§ What the exercise asks
Pull out the lines from the one containing "Business people use" through the final line of the listing below and repeat them exactly. Leave the pictures behind.

╔══

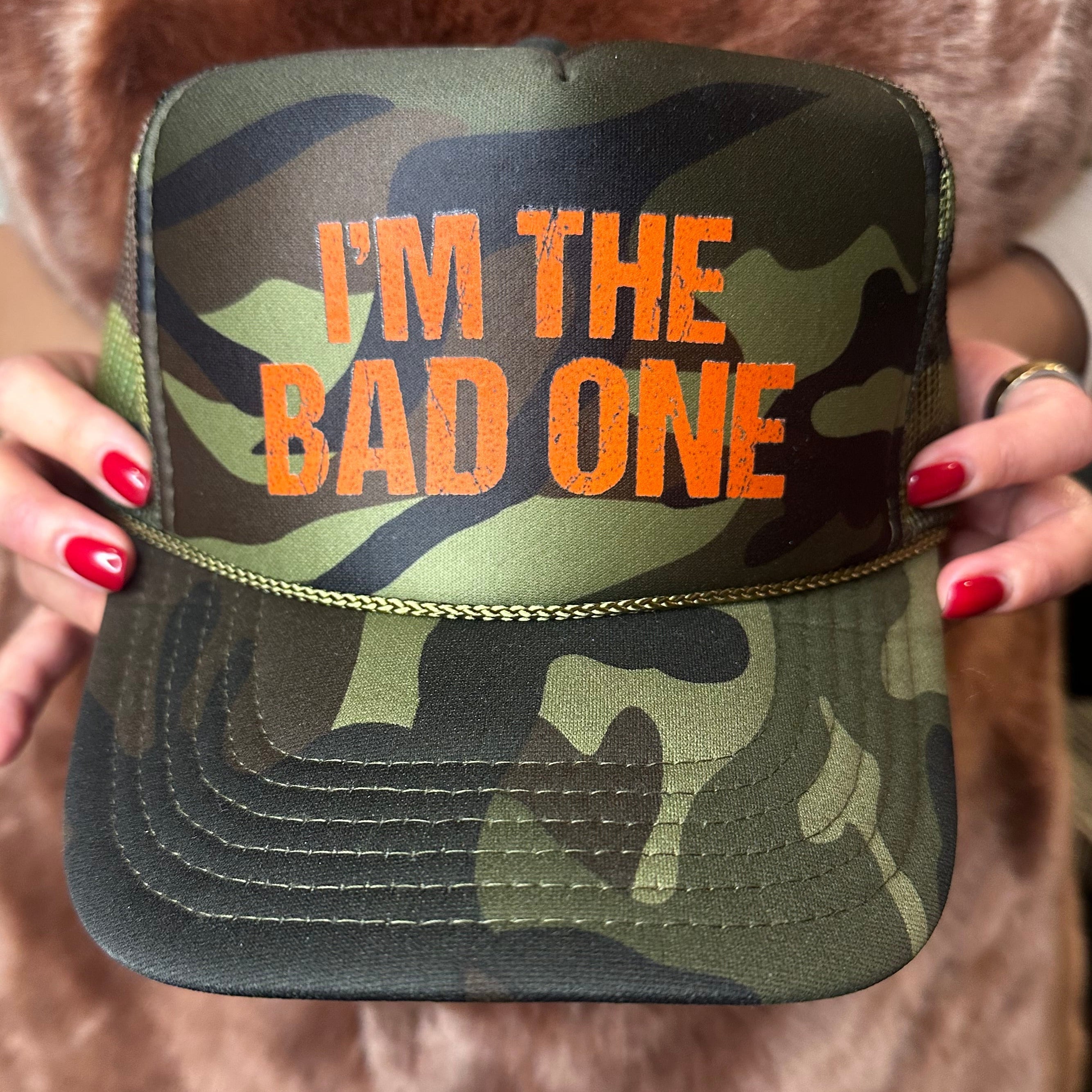 Soft and comfortable snapback trucker hat in camo with electric orange font. We love this one!
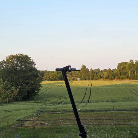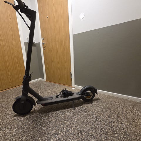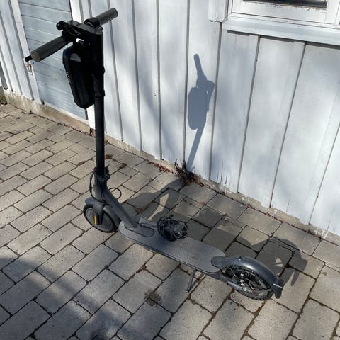 Elsparkcykel i svart färg med digital display på styret. Utrustad med fram- och bakhjul med fasta skärmar samt fotplatta i full längd. På styret finns gasreglage och broms. Bakdelen har reflex/bakljus. Passar som transportmedel för kortare sträckor i stadsmiljö eller till och från skola och arbete. Drivs av elmotor och inbyggt batteri som laddas via ladduttag på ramen.
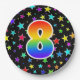 Dieses farbenfrohe, lustige und fröhliche Papier-Plattendesign zeichnet sich durch eine große Zahl "8" mit einem inspirierten Regenbogenspektrum aus. Der Hintergrund weist ein Muster von bunten Sternformen auf. Teller dieser Art können bei einem Party zum 8. Geburtstag eines Mannes, zum 8. Geburtstag eines Paares oder zu einem 8. Geburtstag oder einem anderen 8. [~Z0000493]
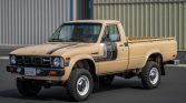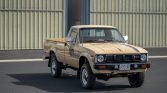 This 1980 Toyota pickup is a long-bed model that was sold new by Mid-Valley Toyota in Marysville, California, and was acquired by the current owner in 2019. The truck is finished in beige with tri-color aLents over a tan interior and is powered by a carbureted 2.2-liter inline-four paired with a four-speed manual transmission and a dual-range transfer case. Additional features include 15″ wheels, a sliding rear window, and an AM/FM radio.
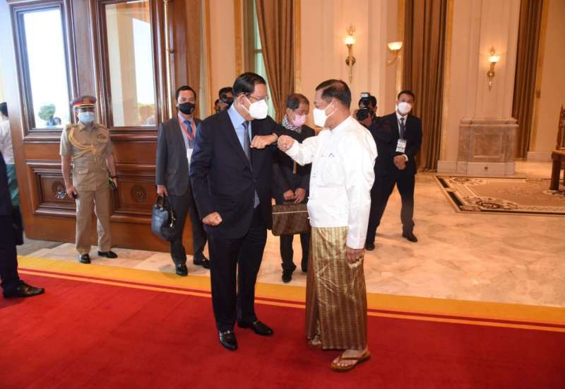 ပြည်ထောင်စုသမ္မတမြန်မာနိုင်ငံတော်၊ နိုင်ငံတော်စီမံအုပ်ချုပ်ရေးကောင်စီဥက္ကဋ္ဌ၊ နိုင်ငံတော် ဝန်ကြီးချုပ် ဗိုလ်ချုပ်မှူးကြီး မင်းအောင်လှိုင်၏ ဖိတ်ကြားချက် အရ ကမ္ဘောဒီးယားနိုင်ငံ ဝန်ကြီးချုပ် Samdech Akka Moha Sena Padei Techo HUN SEN ဉီးဆောင်သည့် အဆင့်မြင့် ကိုယ်စားလှယ်အဖွဲ့သည် မြန်မာနိုင်ငံသို့ ၂၀၂၂ ခုနှစ်၊ ဇန်နဝါရီလ ၇ ရက်မှ ၈ ရက်အထိ အလုပ်သဘောခရီးစဉ် လာရောက်ခဲ့သည်။
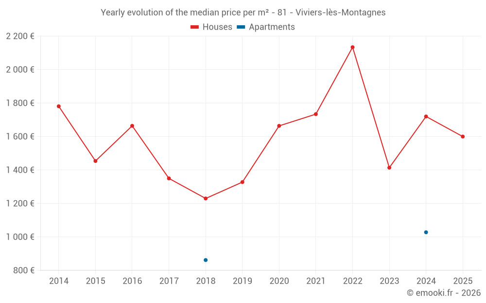 The median price on the 23 house transactions of the last 24 months in the municipality of Viviers-lès-Montagnes was 1 500 € per square meter for a median property value of 180 000 €. Over this period, 60% of transactions were between 895 and 1 806 € per square meter (from the 2nd to the 8th deciles).
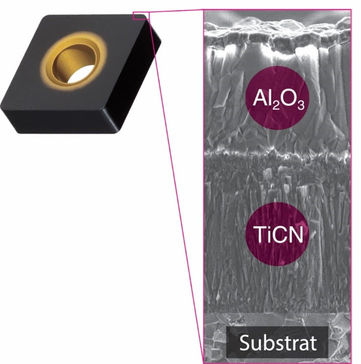 Izboljšan adhezijski spoj med substratom in prevleko, tehnologija za nadzor nad usmeritvijo kristalov Al2O3 in izravnava notranjih napetosti v slojih prevleke omogočajo podvojeno obrabno odpornost in stabilno obdelavo sive in nodularne litine.
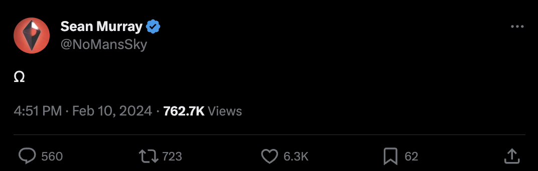 Вокруг будущего обновления No Man's Sky снова поднялся ажиотаж после твита Шона Мюррея с символом "Ω"
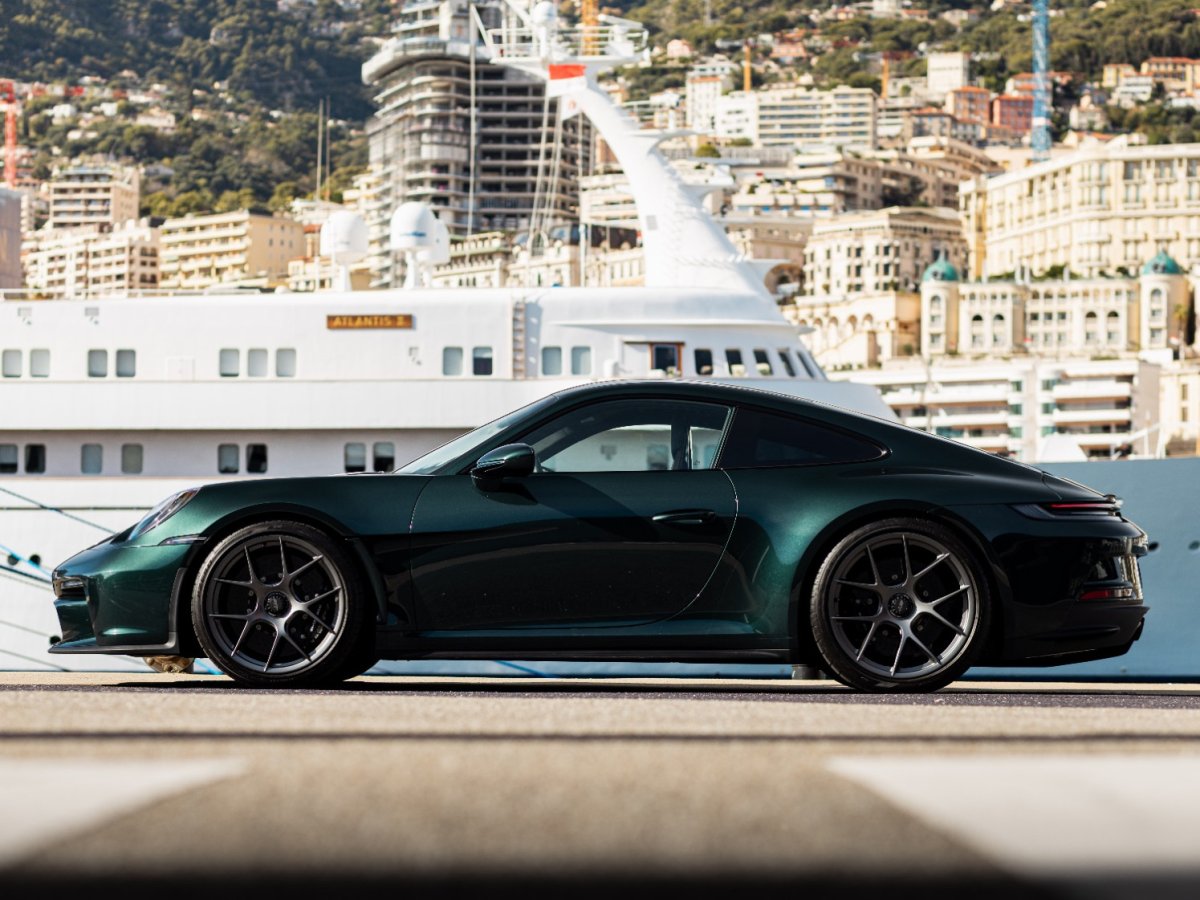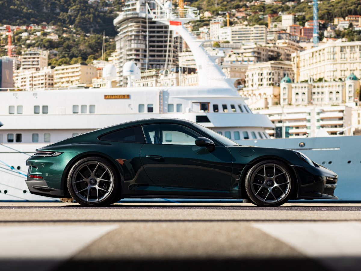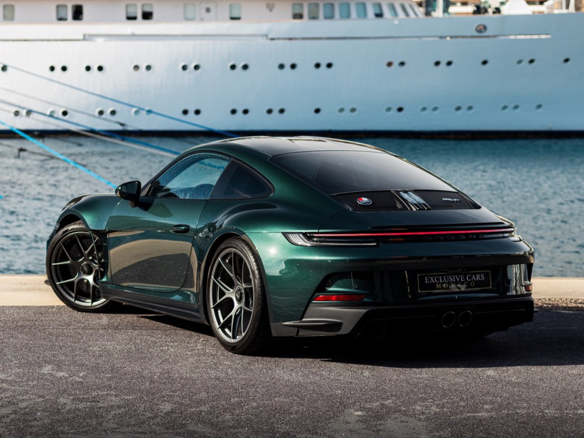 Offered by Exclusive Cars Monaco, this Porsche 911 Type 992 S/T combines raw performance with exceptional rarity and bespoke craftsmanship. Finished in Nephrite Green Metallic and equipped with a manual transmission, this model pays tribute to Porsche’s purest driving heritage. With only one owner, certified mileage, and no accident history, it represents an immaculate collector’s example.
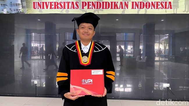 detikJabar berkesempatan berbincang dengan Rian. Pria berumur 27 tahun itu masih mengenakan toga dan jubah kebanggaannya. Kepada detikJabar, Rian juga menunjukkan map bukti kelulusannya sebagai magister dari UPI.
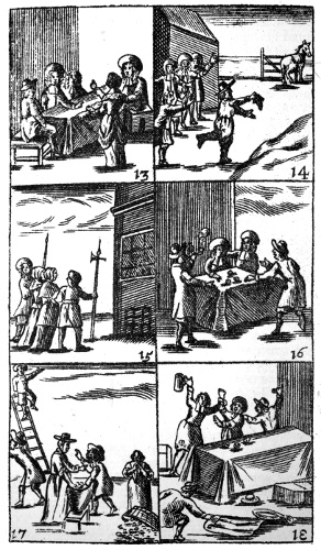 By this discourse you may judge of his inclination, and his Mother now refusing him money, he would purloyn a silver Spoon or some other piece of plate, and convert it into Pocket mettle, and being once furnished with money he would go seek out Company. Those that had any grace or honesty would refuse to accompany him, and therefore he got into the company of such Bulkers and Pick pockets as he had known whilst he was in the Counter, and now he employed his industry in contriving ways with them to get a purchase, and being one day at a Milliners or Haberdashers shop, who was related to him, he asked the Master to lend him half a piece, he refused him the money, but gave him very good counsel, if he had had the grace to receive it, and make use of it as he ought. But it was to as little purpose to speak to him at that rate, as it had been to endeavor to wash the Black-more white, both labour in vain, and our Extravagant was so angry at his friend for it; that he told him that he might have found somewhat else to do, and since he had not, he would ere long find him some other imployment, somewhat else to talk about, and so left him; and now being resolved what to do, he went and found out some of his forementioned acquaintance, Bulkers or House-breakers, and telling them he had a great desire to assist them in robbing of the Milliners shop, which he told them was very well furnished with good ready Mony, Commodities, Silk and Silk ribboning, Gloves and such like wares, they liked the design well enough, and now they asked him the place where, but here appeared 314a very great obstacle; for this Milliners shop was in such a place as was very difficult to be robb’d, it being the very next door to the Watch-house, where the Constable and watch generally sat. This they told him would be dangerous to attempt; but he affirming the more danger the more honour,and that he was resolved it should be done, and he knew how to do it handsomely if they would be ruled by him; they promised their assistance to the execution of this design. It was necessary there should be five or six persons, wherefore they making up that company, and he being one of that number, and all things provided according to his order and directions, about ten of the Clock at night they set forwards. They divided themselves into two parts or companies and our Extravagant and two others that went into an Ale-house at some small distance from the Watch house. There they called for drink, and soon began their work, which was to quarrel with one another, they were armed with swords, then they drew and began a scuffle, one of the three runs up to the Watch, and cries out Murther, Murther; The Constable hearing the noise, and doubting there might be sufficient cause, took all his Watch-men to attend Him, but he found no great trouble to appease this quarrel, which being ended, he with his Watch returned to his Rendezvous: In this time the other three had not been idle, but so soon as ever the Constables back was turned, they broke open the Shop Door they intended to rob, and it was not very difficult so to do, for it was not so strongly barricado’d, as otherwise it might have been, because of the safety the owner thought he was in, by reason of the Constables sitting there.
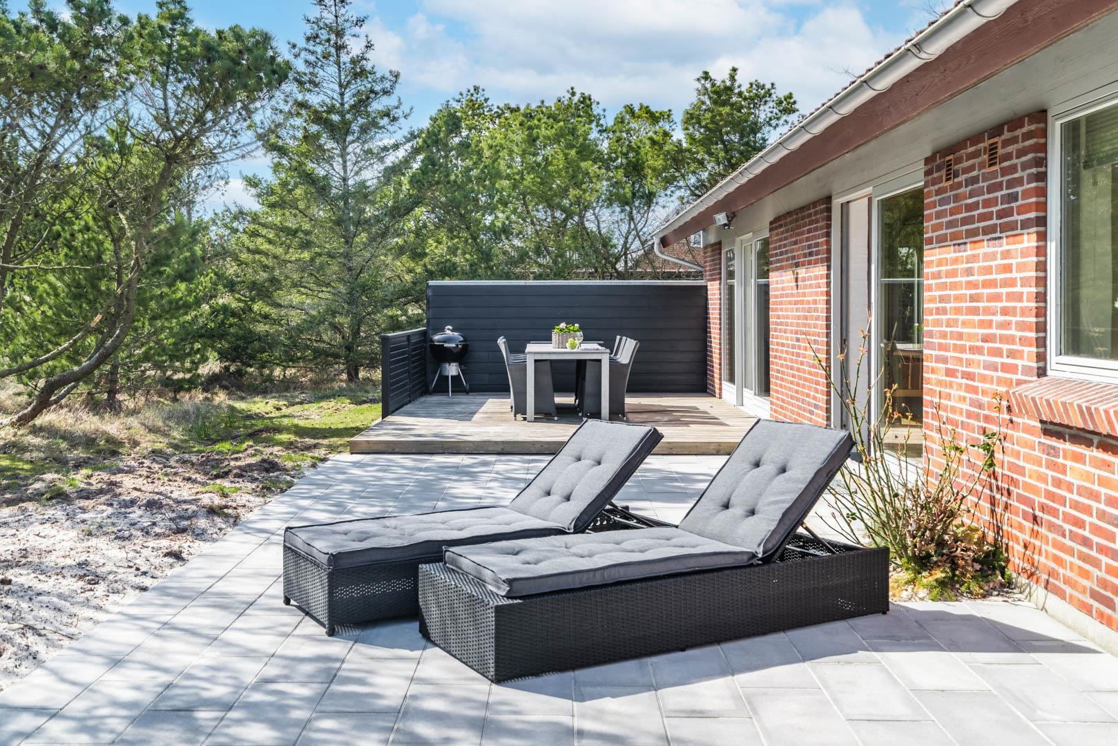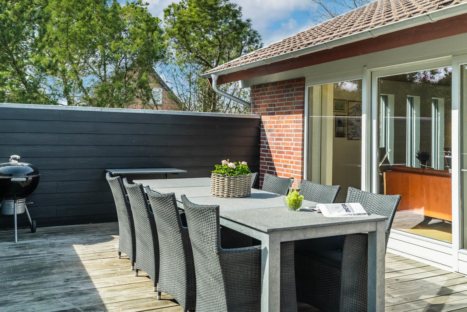 Den overdækkede terrasse bliver hurtigt feriens samlingspunkt – perfekt til morgenkaffen i solen, hyggelige grillaftener eller afslapning med et glas vin i hånden.
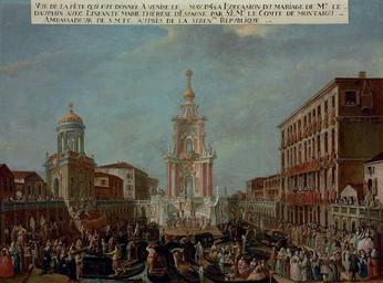 Keywords: Scuola veneziana - La celebrazione delle nozze del Delfino di Francia presso la Infanta Maria Teresa di Spagna, presso l'Ambasciata di Francia a Venezia, 1745.jpg Artwork anonymous LangSwitch Venetian School Scuola veneziana Venezianische Schule венецианской школы La celebrazione delle nozze del Delfino di Francia presso la Infanta Maria Teresa di Spagna presso l'Ambasciata di Francia a Venezia 1745 ca 1745 oil canvas cm 97 9 133 9 object history Comte Pierre-François de Montaigu and by descent to the present owner credit line <code>'VUE DE LA FÊTE QUI FUT DONNÉE VENISE LE MAY 1745 A L'OCCASION DU MARiAGE DE M<sup>G</sup> LE DAUPHIN AVEC L'INFANTE MARIE THÉRESE D ESPAGNE PAR S E M<sup>R</sup> LE COMTE DE MONTAIGU AMBASSADEUR DE S M T C AUPRÈS DE LA SEREN <sup>ME</sup> RÉPUBLiQUE'</code> ~ upper center text accession number Christie's online 5339085 7862 46 London 6 July 2010 PD-old-100 Wedding of Dauphin Louis 1745 Venetian paintings Paintings of Venice Marriage in art 1745 paintings |
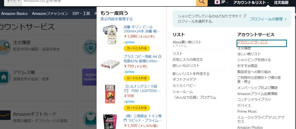 Amazonでは、専用のAmazonアカウントを作成することで、ショッピングなどのお買い物が可能です。
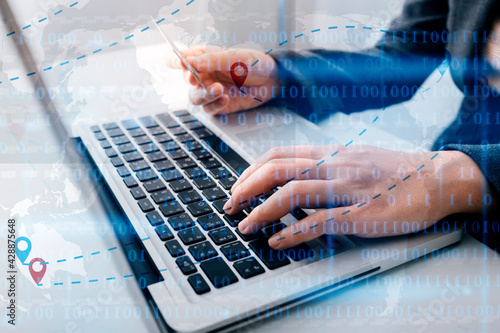 Business people use tablets and hold credit cards as an online shopping concept With a calculator and a book placed on the table
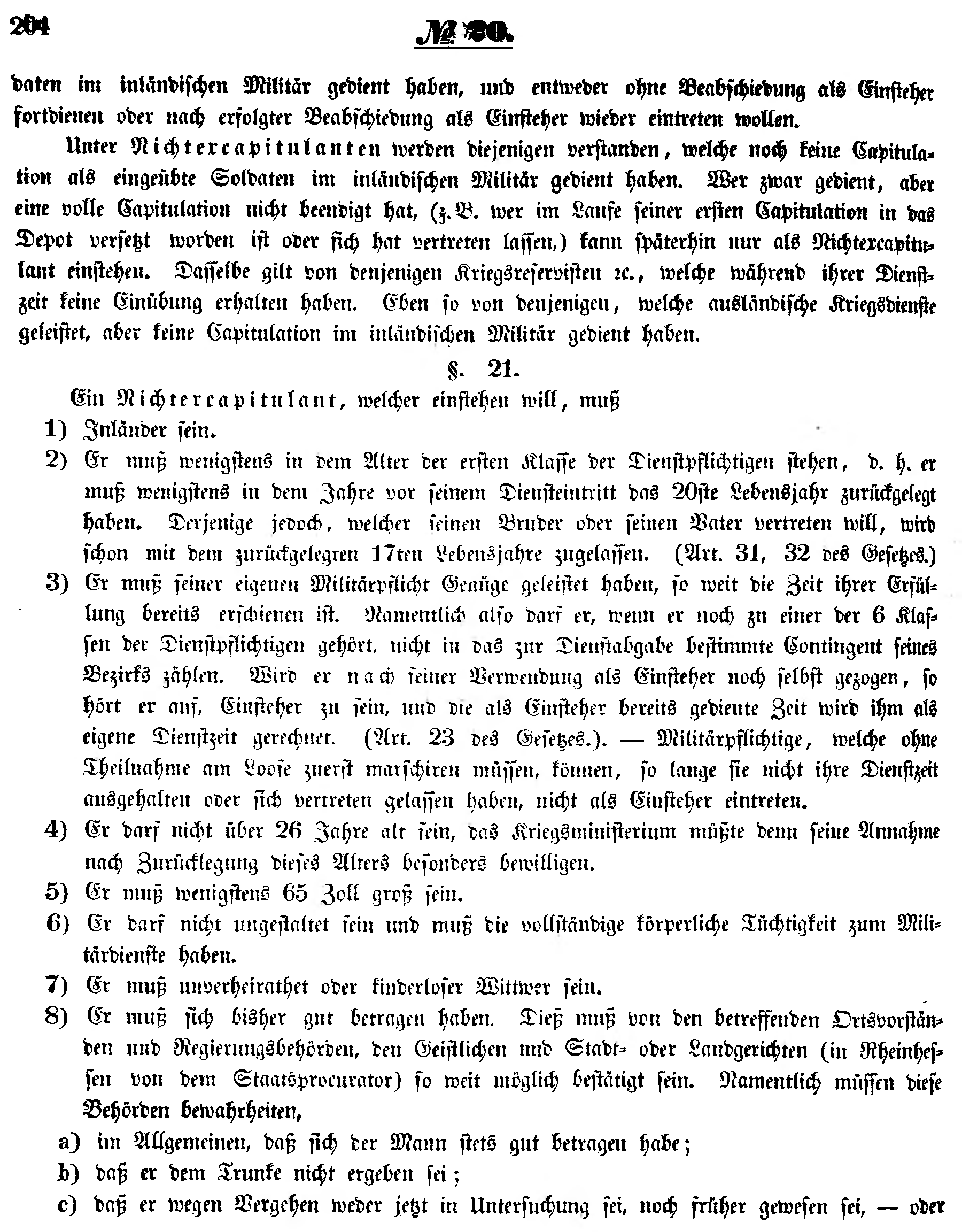Unter Nichtexcapitulanten werden diejenigen verstanden, welche noch keine Capitulation als eingeübte Soldaten im inländischen Militär gedient haben. Wer zwar gedient, aber eine volle Capitulation nicht beendigt hat, (z. B. wer im Laufe seiner ersten Capitulation in das Depot versetzt worden ist oder sich hat vertreten lassen,) kann späterhin nur als Nichtexcapitulant einstehen. Dasselbe gilt von denjenigen Kriegsreservisten etc., welche während ihrer Dienstzeit keine Einübung erhalten haben. Eben so von denjenigen, welche ausländische Kriegsdienste geleistet, aber keine Capitulation im inländischen Militär gedient haben.

╚══

§ Response to this exercise
 Business people use tablets and hold credit cards as an online shopping concept With a calculator and a book placed on the table
Unter Nichtexcapitulanten werden diejenigen verstanden, welche noch keine Capitulation als eingeübte Soldaten im inländischen Militär gedient haben. Wer zwar gedient, aber eine volle Capitulation nicht beendigt hat, (z. B. wer im Laufe seiner ersten Capitulation in das Depot versetzt worden ist oder sich hat vertreten lassen,) kann späterhin nur als Nichtexcapitulant einstehen. Dasselbe gilt von denjenigen Kriegsreservisten etc., welche während ihrer Dienstzeit keine Einübung erhalten haben. Eben so von denjenigen, welche ausländische Kriegsdienste geleistet, aber keine Capitulation im inländischen Militär gedient haben.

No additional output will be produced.